I write reviews for the books I’m reading and I post them on Amazon, Goodreads, social media etc. Before my debut novel was published, I used to write scripts for an audio erotica community on Reddit. It was lovely experience. I have also written a short film screenplay– I’m currently writing the novel version of this. I’m hoping it will be my third novel.
If a movie or series would be made from your books, would you be happy with the ‘based on’ version or would you rather like they showed it exactly the way you created it?
I would be happy with the ‘based on’ as you can’t transfer the entire novel for screen because they are different mediums. There will have to be changes. As long as the movie or TV series captures the essence and heart of the story and characters in the books, I think that’s what matters.
Who would you like/have liked to interview?
Charlie Chaplin. What an artist.
Do you have certain people you contact while doing research to pick their brains? What are they specialized in?
This is a stage of research I’d love to climb to when it comes to building my stories. One of my favourite authors, Jodi Picoult wrote a novel set on death row in prison and she actually went to prison and interviewed inmates and the wardens. I’d love to do something like that.

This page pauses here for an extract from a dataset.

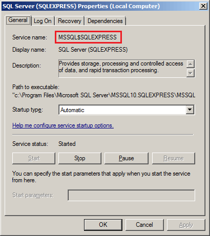 Find din ønskede SQL Server-tjeneste på listen, dobbeltklik på den. Dette åbner dialogboksen Egenskaber for den pågældende tjeneste. Kopier tjenestenavnet, der er angivet der. I mit eksempel er tjenestenavnet MSSQL$SQLEXPRESS.

Is there someone you sometimes discuss a dilemma with?
My boyfriend. I bounce ideas off him all the time. I write crime thrillers, dramas and romances under another name and I was chatting to him about a particular scene. The novel is set in Hong Kong and I talked about the detectives walking around the city. My boyfriend was born in HK and he responded with: “Why don’t you have the character go around the city on the MTR?” I had no idea what it was and it’s the HK train version of the London Underground. It made sense. The leading characters are police officers, they won’t want to waste time walking around, they need to get to their destinations fast and without stress. So, with his input, I changed it.
What is more important to you : a rating in stars with no comments or a reviewer who explains what the comments they give are based on (without spoilers of course)
Ratings are always great but I do enjoy reading the comments my writing receives whether they liked the story or not, I find it inspiring. Someone has taken the time out of their day or they’ve chosen my work to escape to. It means so much to me.
Thanks for having me!
About the author
Kateri Stanley is a pseudonym for the multi-genre fiction writer. Since being a child, Kateri has been inspired by the wondrous mediums of books, music, TV and film. After working in the healthcare industry for eight years and studying for an Arts and Humanities degree, she made the decision to move cities in the West Midlands and live with her ever-suffering partner and their felines. Her debut novel Forgive Me was published by indie press house, DarkStroke Books in 2021 and it reached #1 in the US Horror Fiction charts on Amazon. She is currently working on her third novel, Bittersweet Injuries and would love to pursue a full-time career in writing.